▶ **Task goal**: One part of the entries below is wanted: the lines from the one containing "Puppi 15. Januar" through the one containing "geölt, 3 Türen.". Write those out exactly and nothing else.

___ The data

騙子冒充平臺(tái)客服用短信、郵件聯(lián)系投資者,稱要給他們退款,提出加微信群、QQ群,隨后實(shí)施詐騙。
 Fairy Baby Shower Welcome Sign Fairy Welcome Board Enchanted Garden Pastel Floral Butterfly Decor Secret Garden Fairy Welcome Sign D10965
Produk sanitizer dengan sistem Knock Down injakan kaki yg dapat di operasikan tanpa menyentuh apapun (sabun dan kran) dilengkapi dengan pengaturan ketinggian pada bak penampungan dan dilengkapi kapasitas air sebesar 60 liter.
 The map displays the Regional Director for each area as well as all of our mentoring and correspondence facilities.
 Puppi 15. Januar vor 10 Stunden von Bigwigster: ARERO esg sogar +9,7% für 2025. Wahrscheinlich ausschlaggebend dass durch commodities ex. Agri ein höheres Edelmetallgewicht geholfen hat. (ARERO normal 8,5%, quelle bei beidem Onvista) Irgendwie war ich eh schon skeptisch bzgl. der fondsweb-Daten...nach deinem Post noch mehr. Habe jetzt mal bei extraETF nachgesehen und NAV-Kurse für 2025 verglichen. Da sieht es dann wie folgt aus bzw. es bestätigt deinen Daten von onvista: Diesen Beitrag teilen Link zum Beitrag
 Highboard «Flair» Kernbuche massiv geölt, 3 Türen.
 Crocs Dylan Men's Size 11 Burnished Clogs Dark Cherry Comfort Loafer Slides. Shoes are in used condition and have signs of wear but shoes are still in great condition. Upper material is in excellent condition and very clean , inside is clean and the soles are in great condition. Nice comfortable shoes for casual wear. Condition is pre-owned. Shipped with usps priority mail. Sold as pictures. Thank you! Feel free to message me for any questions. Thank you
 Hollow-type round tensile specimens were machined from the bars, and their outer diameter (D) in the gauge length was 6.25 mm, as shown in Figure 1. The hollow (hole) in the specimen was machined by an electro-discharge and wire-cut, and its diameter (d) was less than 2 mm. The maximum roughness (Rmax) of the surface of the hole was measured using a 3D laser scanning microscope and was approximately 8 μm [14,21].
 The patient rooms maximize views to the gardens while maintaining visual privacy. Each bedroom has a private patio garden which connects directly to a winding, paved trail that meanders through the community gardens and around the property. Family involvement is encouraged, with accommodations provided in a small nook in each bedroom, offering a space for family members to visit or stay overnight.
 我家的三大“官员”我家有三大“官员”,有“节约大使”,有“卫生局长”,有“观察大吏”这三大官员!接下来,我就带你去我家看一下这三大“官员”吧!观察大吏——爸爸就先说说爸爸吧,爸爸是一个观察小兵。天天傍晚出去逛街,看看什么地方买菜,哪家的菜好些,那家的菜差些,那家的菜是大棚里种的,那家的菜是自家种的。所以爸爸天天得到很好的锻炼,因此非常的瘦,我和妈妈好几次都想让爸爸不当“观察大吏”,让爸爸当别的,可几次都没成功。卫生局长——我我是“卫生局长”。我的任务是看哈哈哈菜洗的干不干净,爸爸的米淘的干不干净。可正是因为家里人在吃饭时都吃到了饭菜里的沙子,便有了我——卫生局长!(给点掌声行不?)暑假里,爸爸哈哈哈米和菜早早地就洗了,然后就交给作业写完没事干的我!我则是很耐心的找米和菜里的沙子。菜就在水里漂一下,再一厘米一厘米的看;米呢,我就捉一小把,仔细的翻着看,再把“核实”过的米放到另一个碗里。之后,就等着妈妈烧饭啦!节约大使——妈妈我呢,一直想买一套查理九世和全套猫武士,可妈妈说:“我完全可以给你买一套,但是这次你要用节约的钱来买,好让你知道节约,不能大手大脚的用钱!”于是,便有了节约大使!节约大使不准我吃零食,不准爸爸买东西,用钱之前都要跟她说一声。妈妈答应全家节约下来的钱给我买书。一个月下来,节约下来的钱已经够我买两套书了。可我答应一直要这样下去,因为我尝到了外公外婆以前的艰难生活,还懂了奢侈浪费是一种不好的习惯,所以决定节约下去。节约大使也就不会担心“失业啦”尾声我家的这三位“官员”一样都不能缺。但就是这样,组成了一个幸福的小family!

______

▶ **Exercise answer**:
 Puppi 15. Januar vor 10 Stunden von Bigwigster: ARERO esg sogar +9,7% für 2025. Wahrscheinlich ausschlaggebend dass durch commodities ex. Agri ein höheres Edelmetallgewicht geholfen hat. (ARERO normal 8,5%, quelle bei beidem Onvista) Irgendwie war ich eh schon skeptisch bzgl. der fondsweb-Daten...nach deinem Post noch mehr. Habe jetzt mal bei extraETF nachgesehen und NAV-Kurse für 2025 verglichen. Da sieht es dann wie folgt aus bzw. es bestätigt deinen Daten von onvista: Diesen Beitrag teilen Link zum Beitrag
 Highboard «Flair» Kernbuche massiv geölt, 3 Türen.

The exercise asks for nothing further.